What must be true of the web tier before horizontal scaling works?

It's about where session state lives.

It must be stateless — no per-user state in a server's local memory. Sessions go to a shared store (Redis), uploads to object storage. Then any request can hit any server and sticky sessions can't pin a user to a box that might die.

Primary/replica replication scales reads — what bug does it introduce?

Replicas aren't instantaneous.

Replication lag. Replicas trail the primary by seconds, so a read-after-write flow ("see the post I just made") can show stale data. Route those reads to the primary or design the UI to tolerate the lag.

Why does a CDN reduce latency — and what limit does it work around?

Physics, not software.

The speed of light is fixed, so a far-away round trip has an irreducible floor (~150 ms Mumbai↔Frankfurt). A CDN serves assets from an edge near the user (~10 ms), moving the data closer rather than trying to move light faster.

What is cache stampede, and how do you prevent it?

A hot key expires…

When a hot key expires, many requests miss at once and all rebuild it together, hammering the DB. Prevent it with a rebuild lock (one request repopulates) or jittered TTLs so keys don't expire in lockstep.

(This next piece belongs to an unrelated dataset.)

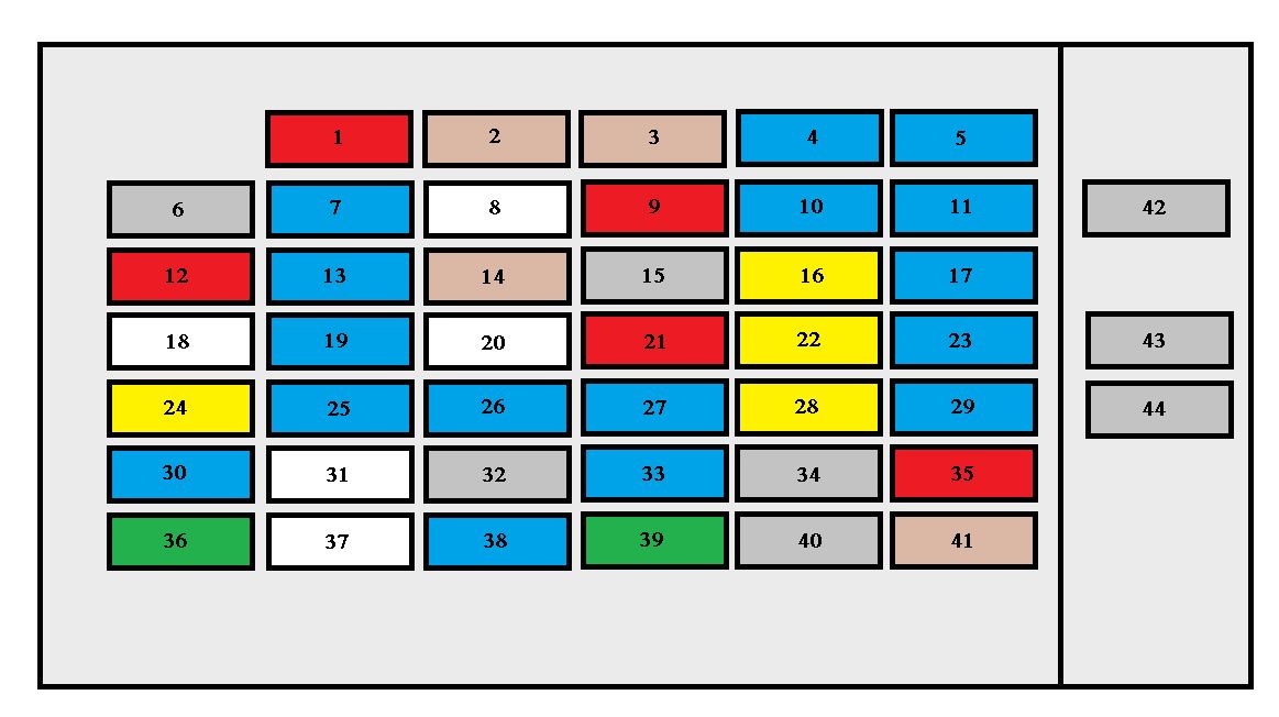 | 33 | ABS | 15 | ABS lamp relay, back-up lamps, GEM, RAP module, day, night mirror |

Why is sharding the last resort on the ladder?

Think reversibility.

It adds permanent complexity — cross-shard joins get expensive or impossible, and resharding is a major migration. Replicas, caching, and bigger boxes are all easier to walk back, so you exhaust them first.

Check yourself

Q1 Your read-heavy app's database is the bottleneck and a single point of failure. What's the most natural next move?

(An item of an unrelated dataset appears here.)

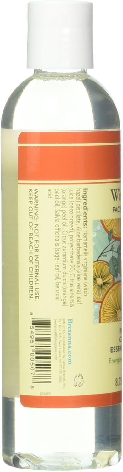 Bretanna Witch Hazel helps tone, clean and hydrate skin. May reduce blemishes form acne and other skin irritations, and delay singe of aging. Citrus oil creates an energizing, fresh scent
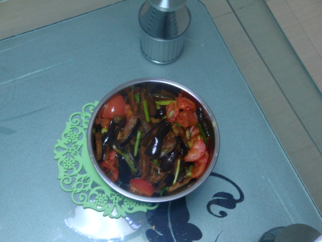 别光看这道菜的样子好看,那味道也是美味极了的。新鲜的茄子肉,带着一点儿柔,除了那茄子本身的香味外,还有一股淡淡的焦味儿与甜味儿。另有那西红柿的酸甜味儿与蒜苗的鲜味儿在里面,口味独具一格,连我家的大厨——妈妈,都做不出来。

Why: Primary/replica replication directly removes the DB as a single point of failure and scales reads — exactly the read-heavy case. Sharding is a later, heavier, harder-to-reverse step.

Q2 A user reports that immediately after posting, their post sometimes doesn't appear. Most likely cause?

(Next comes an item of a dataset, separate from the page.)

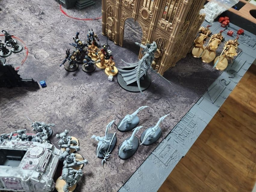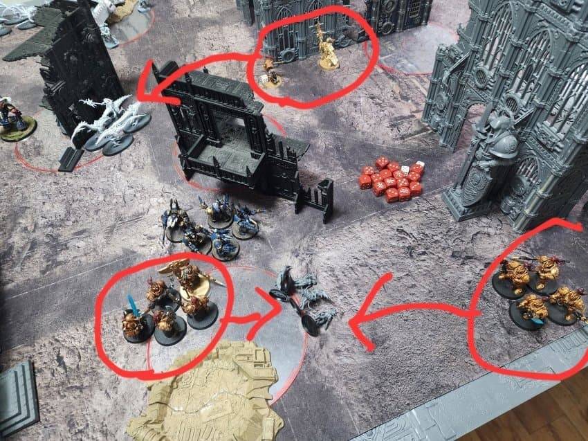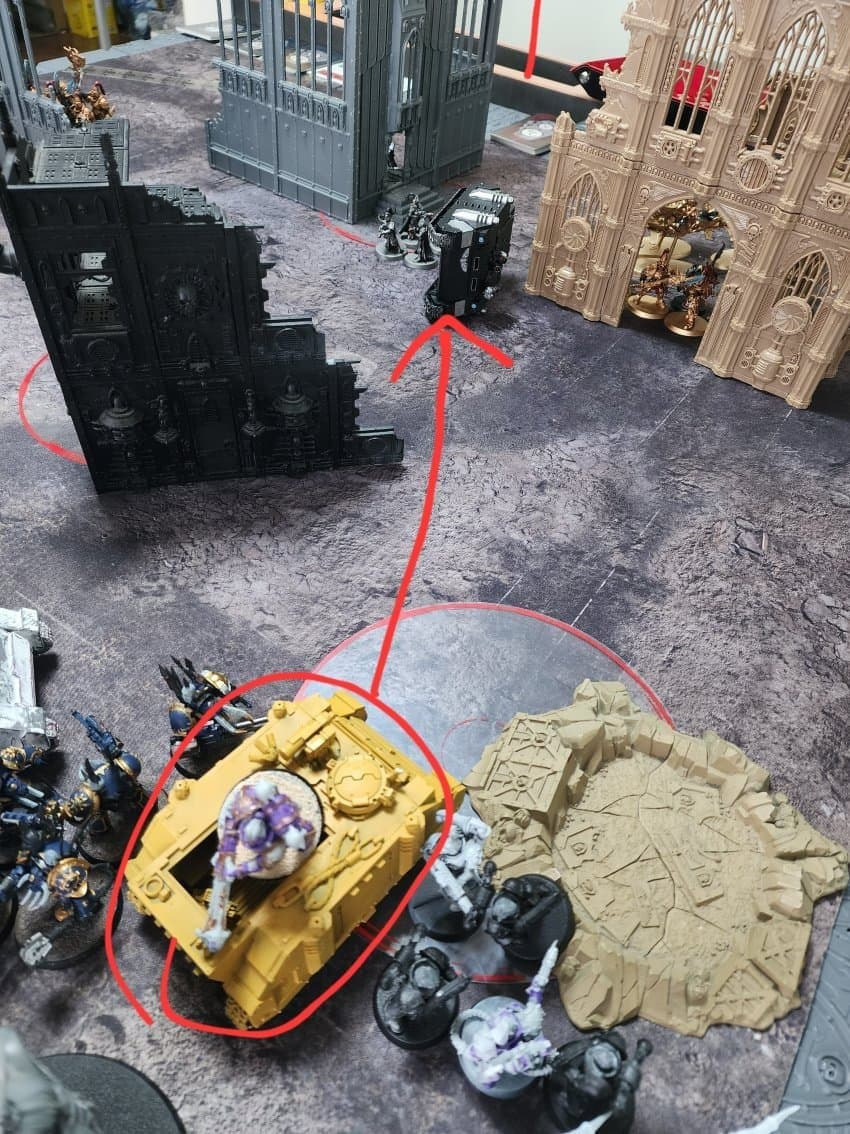 4. 노이즈 마린의 사격을 피하기 위해 뒤로 빠진 쉴드 캡틴(도끼) + 알라루스 2인 분대가 사격으로 라이노를 정리,

Why: Read-after-write against a replica that trails the primary by seconds is the classic symptom. Fix by routing that read to the primary.

Q3 Why do sticky sessions undermine horizontal scaling?

Why: If state lives in one server's RAM, the LB must always route that user there — and a dead server means a dropped session. Moving state to shared storage makes servers interchangeable.

Q4 Which is the best reason to put a message queue between your web tier and an email-sending worker?

Why: The queue lets the web tier return immediately and absorbs bursts; workers drain the backlog at a sustainable rate, and the two sides scale independently.

Q5 You're starting a new CRUD product expecting its first users. Which database choice does the chapter actually recommend?

Why: For most CRUD apps up to a million users, managed Postgres wins on transactions, joins, and simplicity. NoSQL solves problems most apps never have — pick it for a real access pattern, not the scalability halo.